3 Benchmark on protein–DNA interaction interfaces

In this experiment, we evaluate the proposed method on finding similar interaction interfaces within a given dataset of protein–DNA complex structures. We compared our PROSTA-inter method with two widely used structure alignment methods, i.e. one sequence order-dependent method, TM-align (Zhang and Skolnick, 2005) and one sequence order-independent method, iAlign (Gao and Skolnick, 2010). All three methods were used to align the same interaction interface and to optimize the same alignment scoring function, i.e. iTM-score (Gao and Skolnick, 2010) or IS-score (Gao and Skolnick, 2010). By doing this, we focused on studying which method is more reliable in finding the optimal alignment instead of the performance of the interface definition and the scoring function. Recall that the iTM-scores and the IS-scores are independent from the number of interface residues/nucleotides, and thus a higher iTM-score/IS-score implies a higher quality alignment.

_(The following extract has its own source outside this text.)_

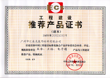 經過嚴格的審查、審核、審批程序,中國工程建設標準化協會于6月29日正式頒發匯泰龍裝飾材料有限公司《工程建設推薦產品證書》。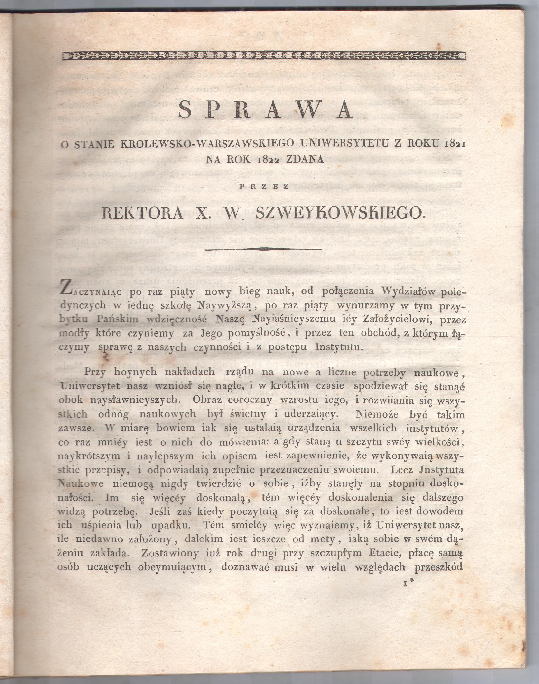 Królewski Uniwersytet Warszawski. Posiedzenie Publiczne Królewsko-Warszawskiego Uniwersytetu, na Pamiątkę Założenia Iego przy Rozpoczęciu Nowego Kursu Nauk Odbyte dnia 3 pazdziernika 1822 roku. – Warszawa : w Drukarni N. Glücksberga, 1822. – 45 с. ; 1 вкл. арк. іл.

To our knowledge, there is no existing alignment tool that can align interaction interfaces containing both amino acids and nucleotides. Thus, a ‘blackbox preprocessing’ is required for TM-align (Zhang and Skolnick, 2005) and iAlign (Gao and Skolnick, 2010) as following. First, we precomputed the contact interfaces (as defined in Section 2), and removed the other residues/nucleotides from the complex structure. Then, we masked all nucleotide C3 atom types as amino acid Cα atom types and all nucleotide names as amino acid names. Since iAlign assumes that there are only two chains involved in the interface, all protein chains were masked as chain A and all DNA chains were masked as chain B. Moreover, the sequence numbers were masked in the order of atom appearance in the original PDB file.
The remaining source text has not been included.